Give back exactly the line containing "Conçue en bois, MDF" and all that follow it in the data below, with the pictures left out.

> Exercise input
##########
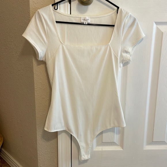 NWOT white square neck ribbed bodysuit size medium purchased from pink blush boutique
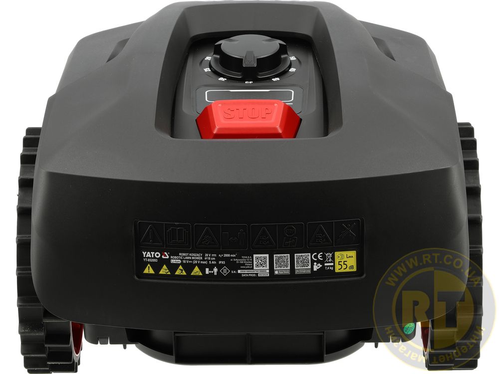 Система підвіски плаваючого ножа регулює висоту скошування відповідно до нерівностей місцевості, а літій-іонний акумулятор ємністю 5 Ah забезпечує тривалий час роботи та високу ефективність.
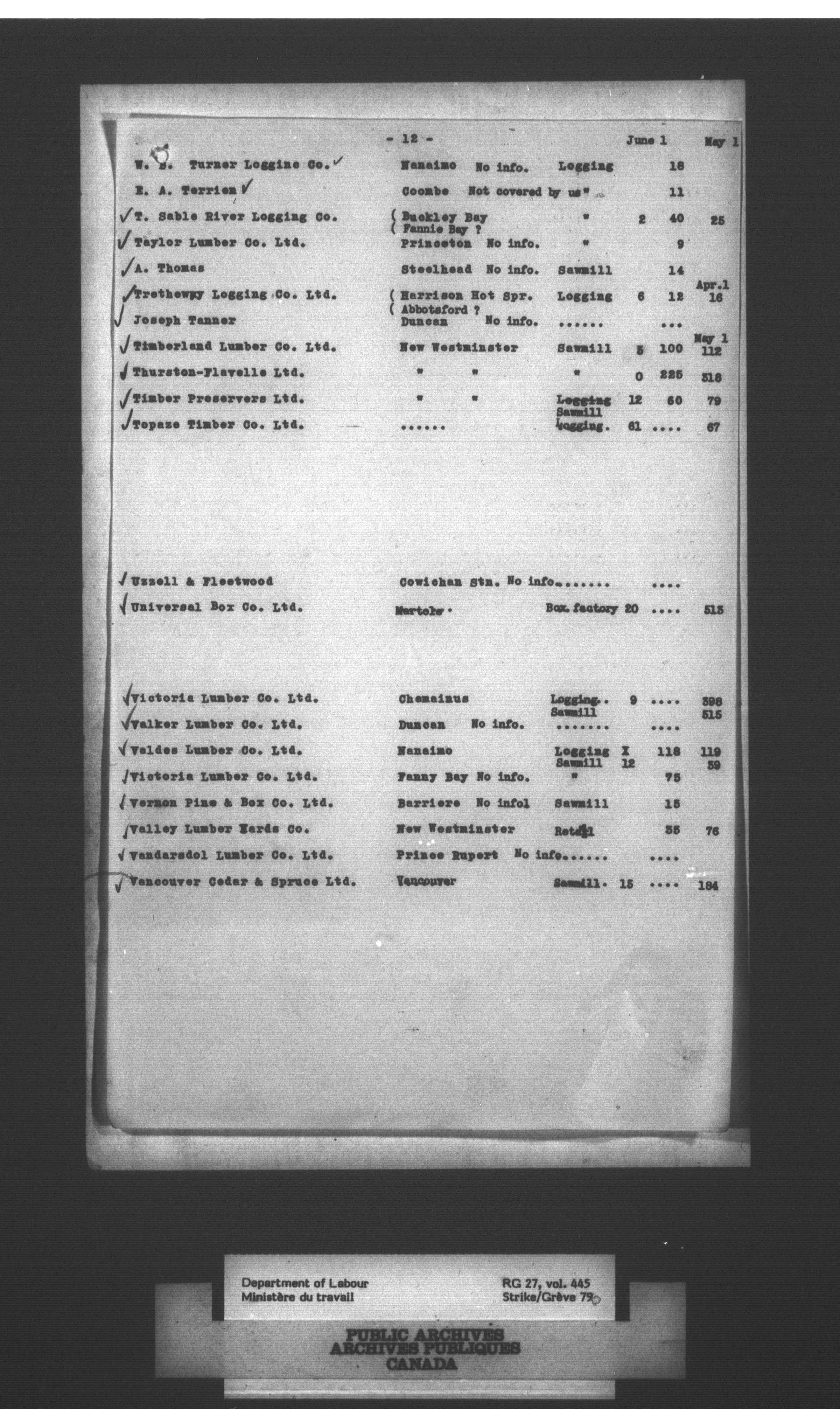 Department of Labour, Economics and Research Branch : Strikes and lockout files : T-4078
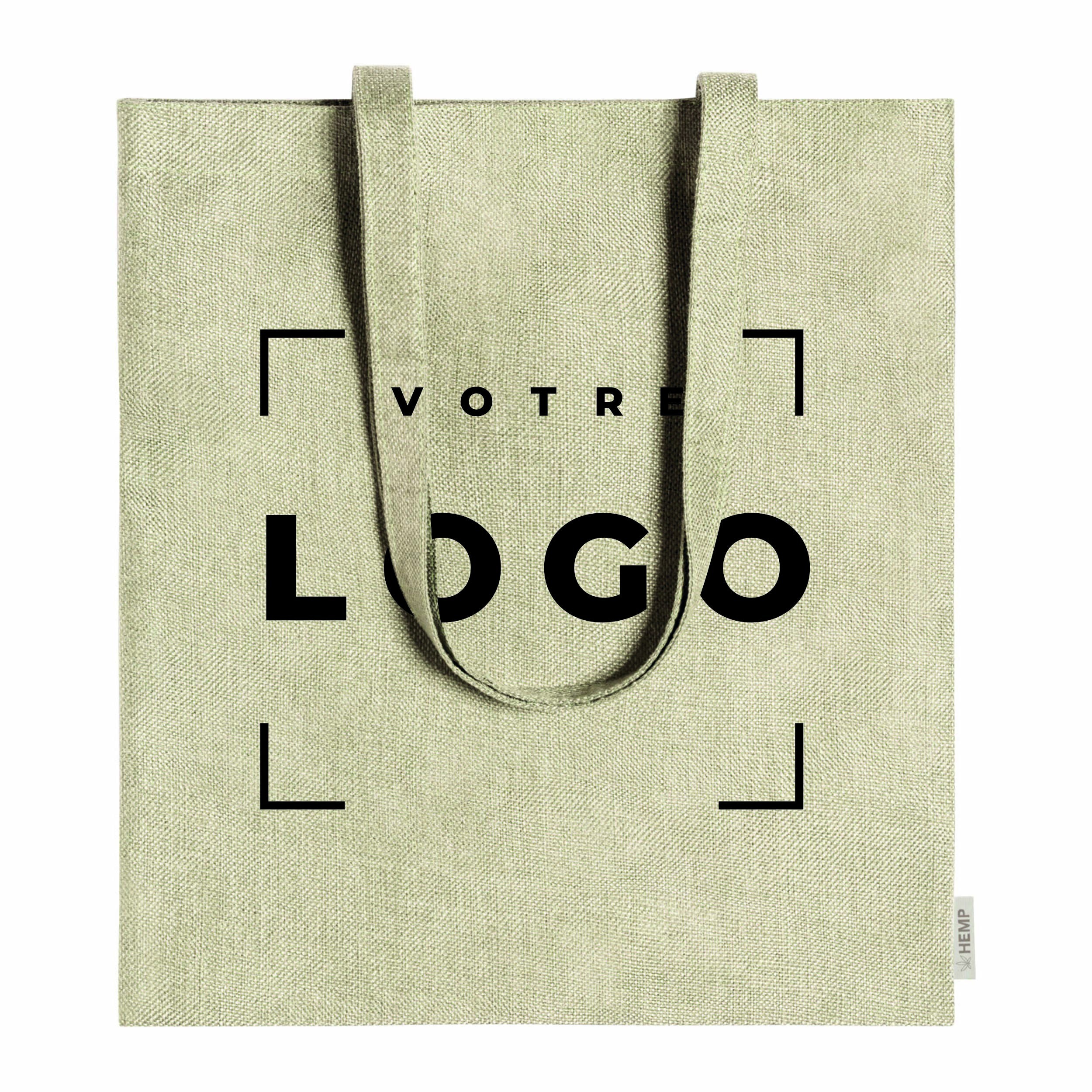 Disponible en couleur naturelle ou vert, ce tote bag en chanvre affiche un style authentique et élégant. Sa surface permet une personnalisation efficace avec votre logo ou message, transformant le sac en outil de communication durable et visible.
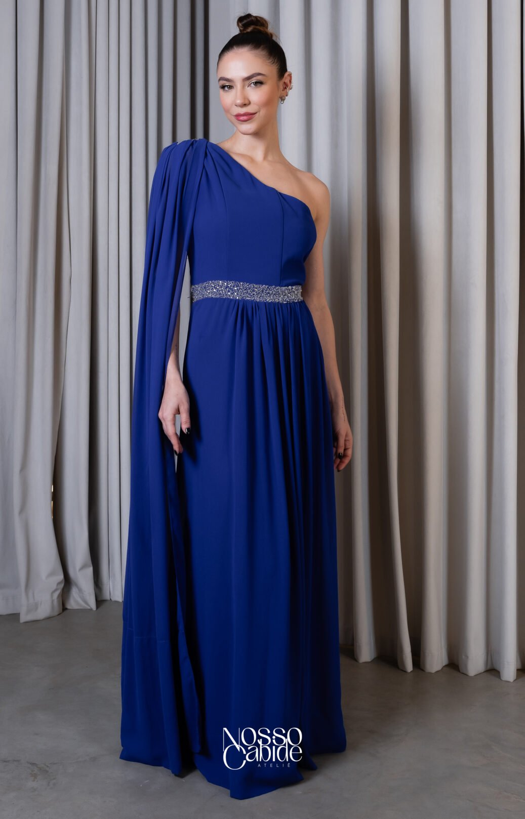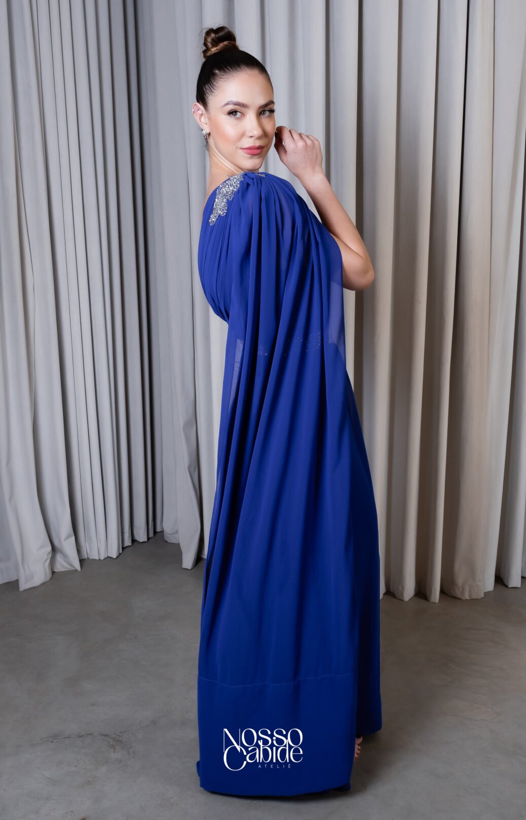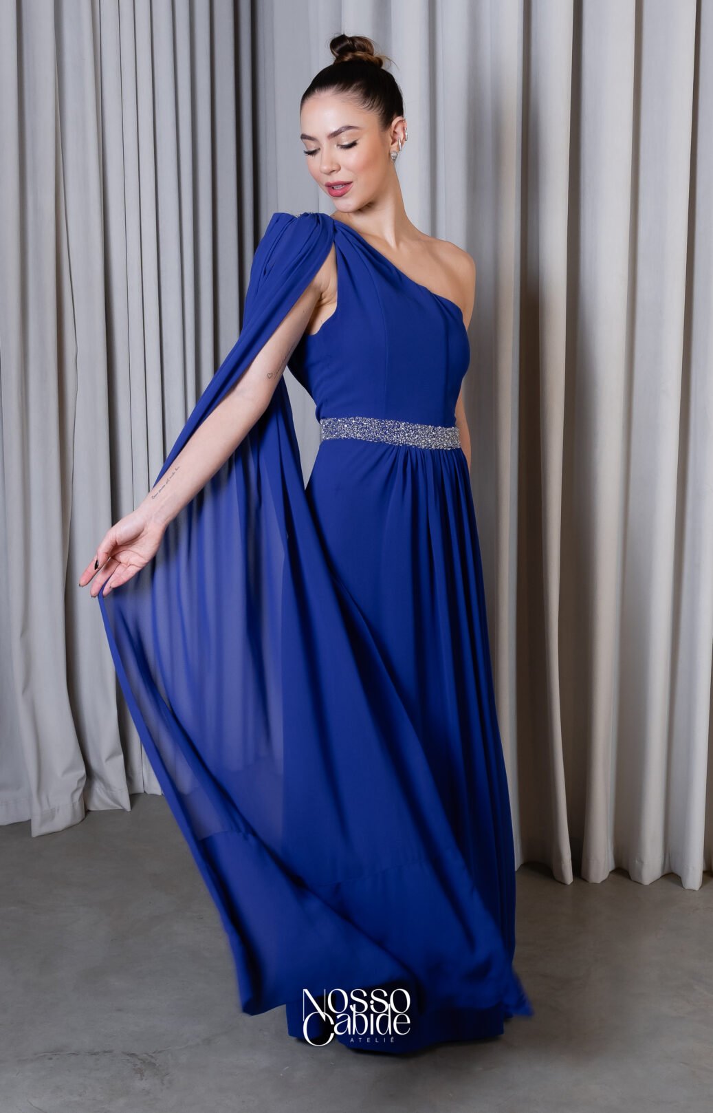 O corte impecável deste vestido realça a silhueta feminina, proporcionando um ajuste perfeito em todas as áreas do corpo. Longa e fluída acrescenta movimento e elegância a cada passo, enquanto valoriza os traços femininos.
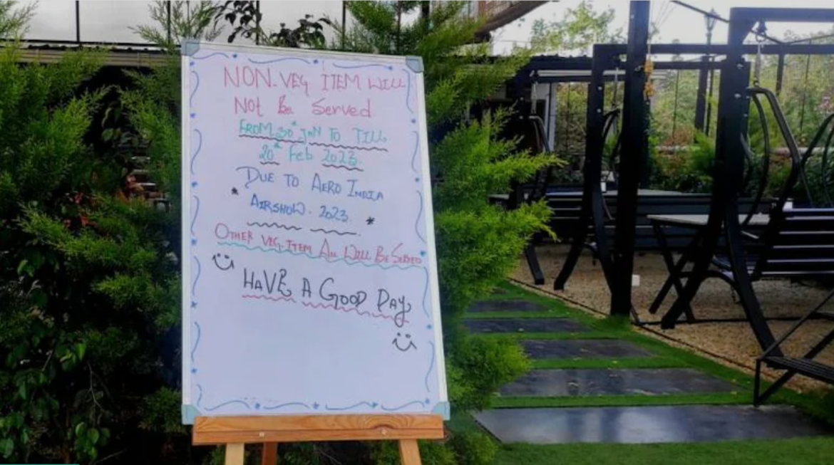 എയർ ഷോയ്ക്ക് വേണ്ട പരിശീലനം നടക്കുന്ന സ്ഥലങ്ങളിൽ ഇരപിടിയൻ പക്ഷികളുടെ സാന്നിധ്യം അകറ്റാൻ വേണ്ടിയാണ് മേഖലകളിൽ സസ്യേതര ആഹാരം വിലക്കുന്നത്. വിലക്ക് ലംഘിക്കുന്നവർക്കെതിരെ BBMP ആക്ട് 2020, ഇന്ത്യൻ എയർക്രാഫ്റ്റ് റൂൾസ് 1937 (റൂൾ 91) എന്നിവ പ്രകാരം നടപടിയെടുക്കുമെന്നും അധികൃതർ അറിയിച്ചിട്ടുണ്ട്.
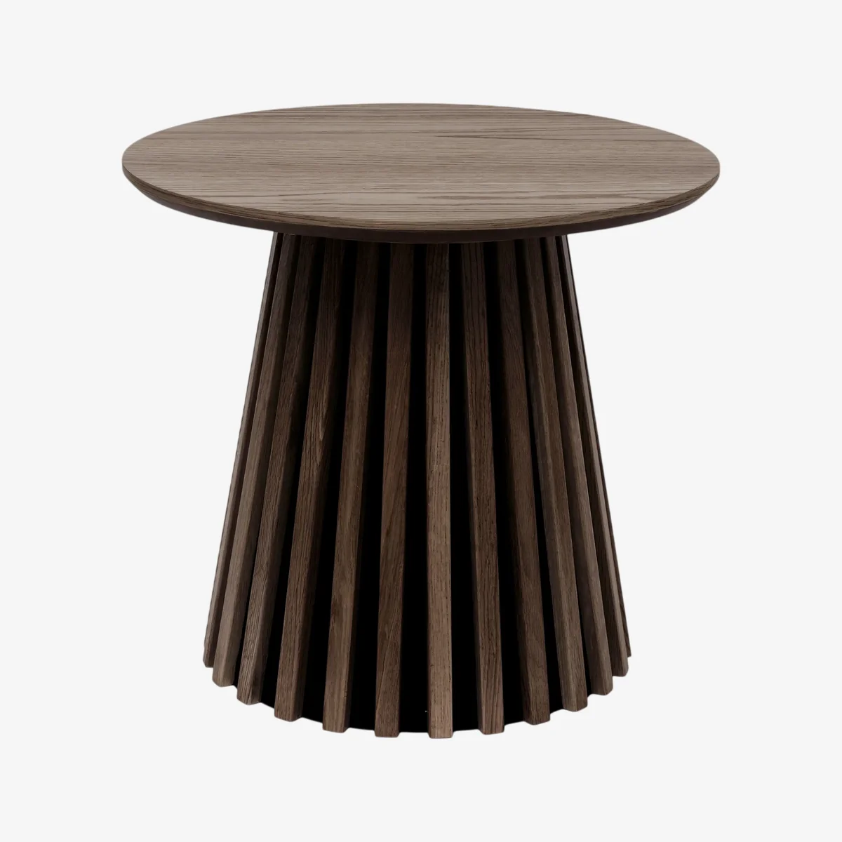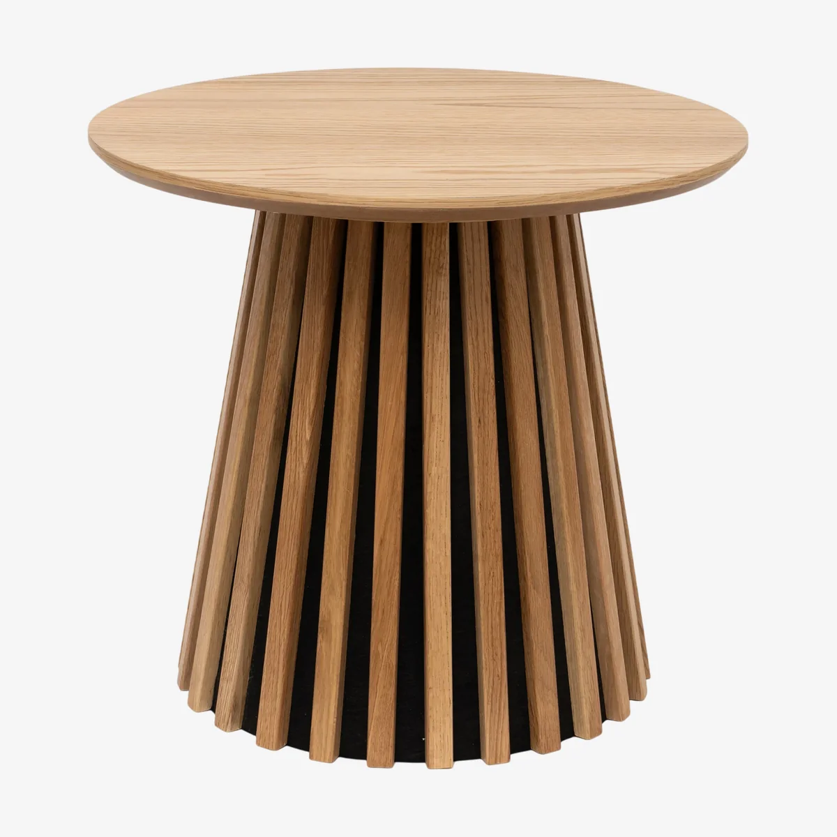 Conçue en bois, MDF et placage chêne, elle combine stabilité, solidité et esthétique. Sa hauteur de 45 cm est idéale pour accompagner un canapé, un fauteuil ou pour servir de support décoratif.
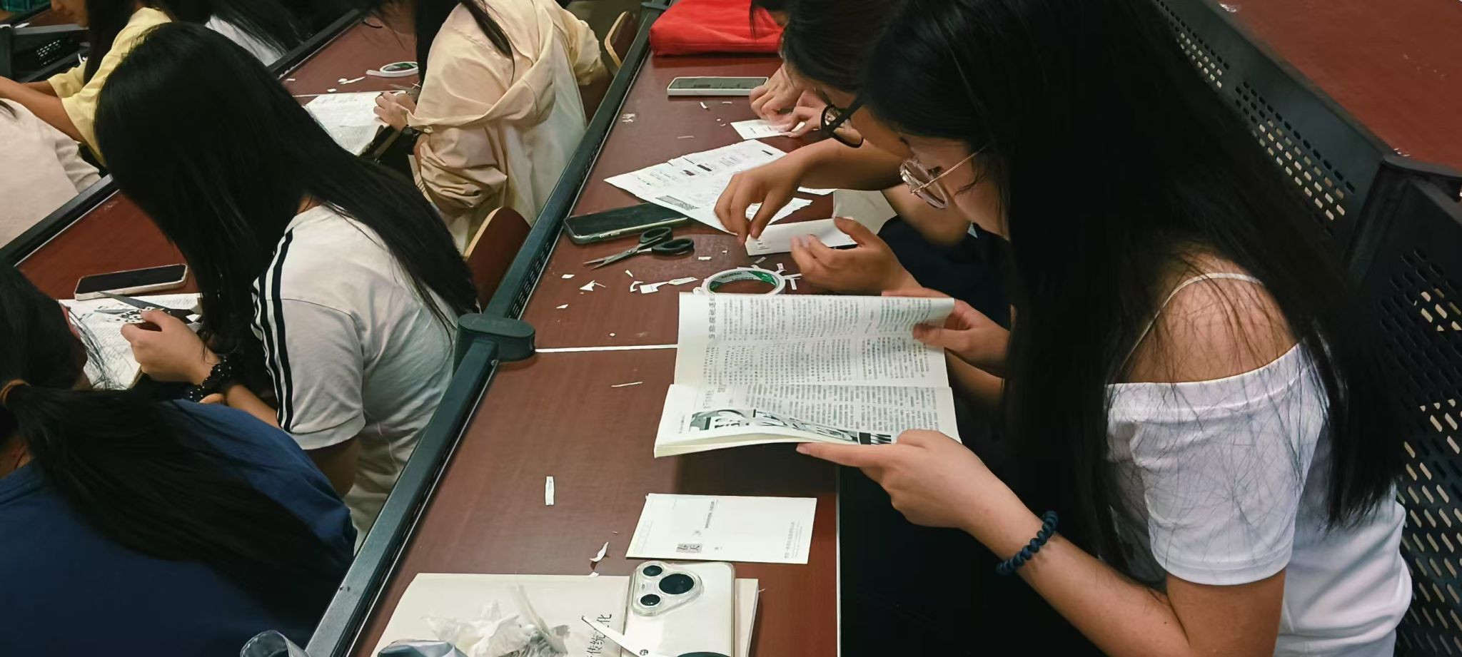 活动伊始,主持人向同学们介绍了拼贴诗的概念及其艺术魅力,并围绕“春天”、“爱”和“自主创作”三个主题展开互动。参与者五人一组,利用提供的贺卡纸、杂志和双面胶等材料,通过剪裁、拼贴和重组文字,创作出独具个性的诗歌作品。活动现场氛围轻松愉快,同学们在创作中尽情发挥想象力,表达内心的情感与思考。
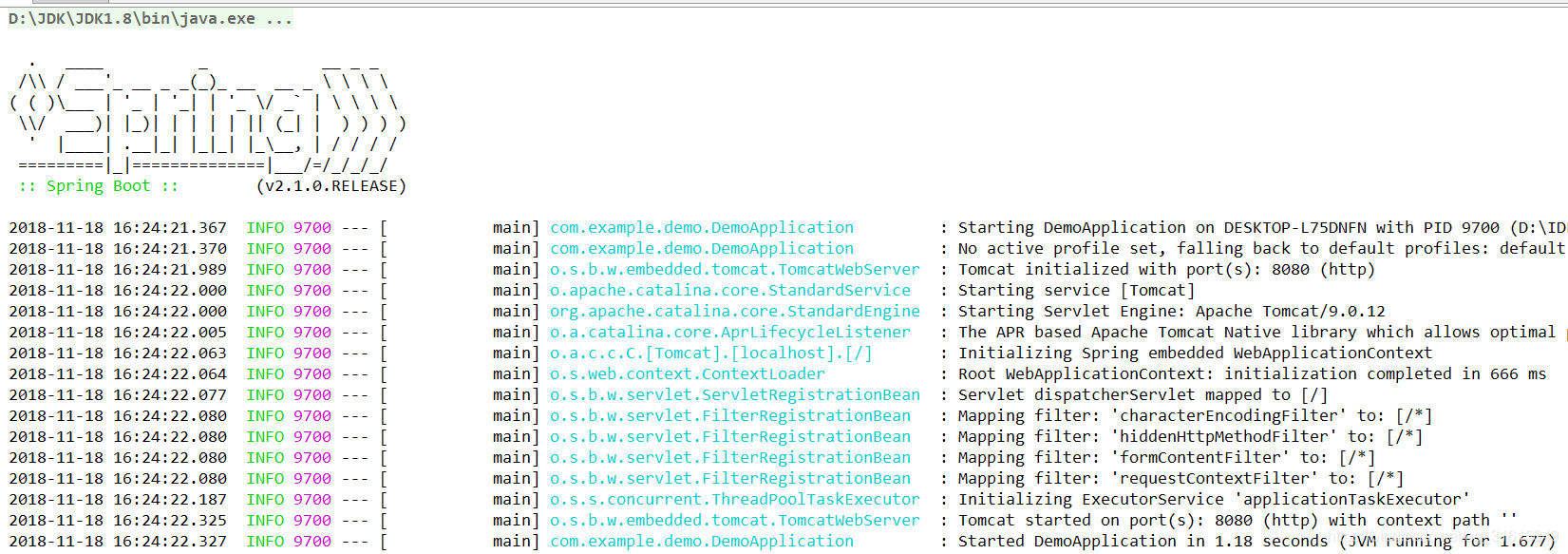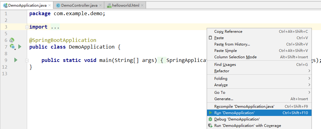 选择DemoApplication,右键点击run方法
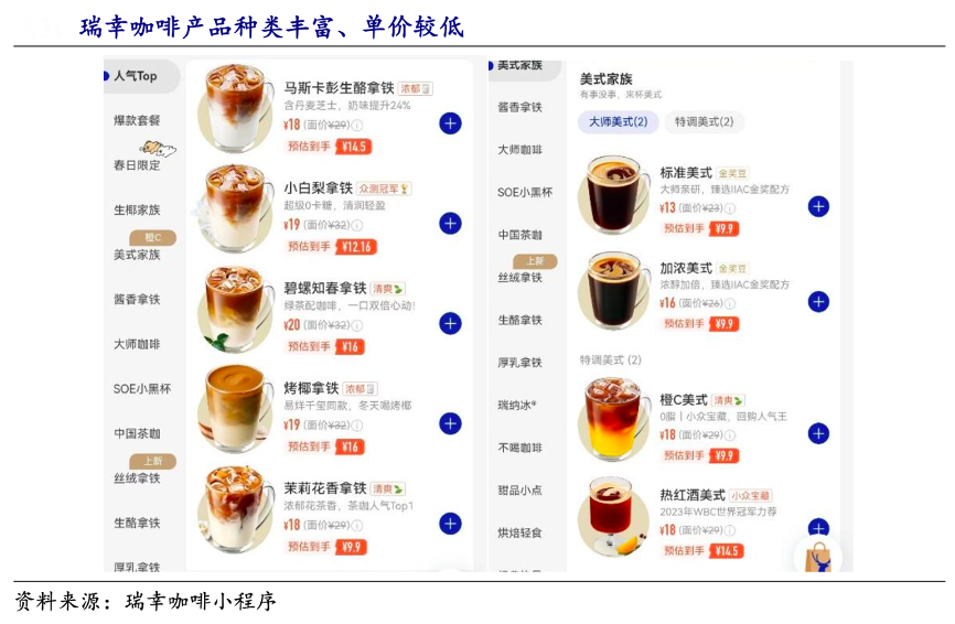 經(jīng)典案例:根據(jù)瑞幸咖啡小程序、開源證券研究所等綜合資訊表明,瑞幸咖啡主要定位“平 價、創(chuàng)新、快取”,將我國現(xiàn)磨咖啡帶入低單價、創(chuàng)新品、輕環(huán)境的全新消費場景。在產(chǎn)品價格上瑞幸咖啡定位大眾化、親民化,大多數(shù)咖啡產(chǎn)品價格位于 10-20 元價格帶;同時產(chǎn)品類型豐富多樣,包括乳類拿鐵、茶飲咖啡、美式等多樣化產(chǎn)品,滿足消費者對高品質(zhì)、多元化口味的需求。
##########
> Written solution
 Conçue en bois, MDF et placage chêne, elle combine stabilité, solidité et esthétique. Sa hauteur de 45 cm est idéale pour accompagner un canapé, un fauteuil ou pour servir de support décoratif.
 活动伊始,主持人向同学们介绍了拼贴诗的概念及其艺术魅力,并围绕“春天”、“爱”和“自主创作”三个主题展开互动。参与者五人一组,利用提供的贺卡纸、杂志和双面胶等材料,通过剪裁、拼贴和重组文字,创作出独具个性的诗歌作品。活动现场氛围轻松愉快,同学们在创作中尽情发挥想象力,表达内心的情感与思考。
 选择DemoApplication,右键点击run方法
 經(jīng)典案例:根據(jù)瑞幸咖啡小程序、開源證券研究所等綜合資訊表明,瑞幸咖啡主要定位“平 價、創(chuàng)新、快取”,將我國現(xiàn)磨咖啡帶入低單價、創(chuàng)新品、輕環(huán)境的全新消費場景。在產(chǎn)品價格上瑞幸咖啡定位大眾化、親民化,大多數(shù)咖啡產(chǎn)品價格位于 10-20 元價格帶;同時產(chǎn)品類型豐富多樣,包括乳類拿鐵、茶飲咖啡、美式等多樣化產(chǎn)品,滿足消費者對高品質(zhì)、多元化口味的需求。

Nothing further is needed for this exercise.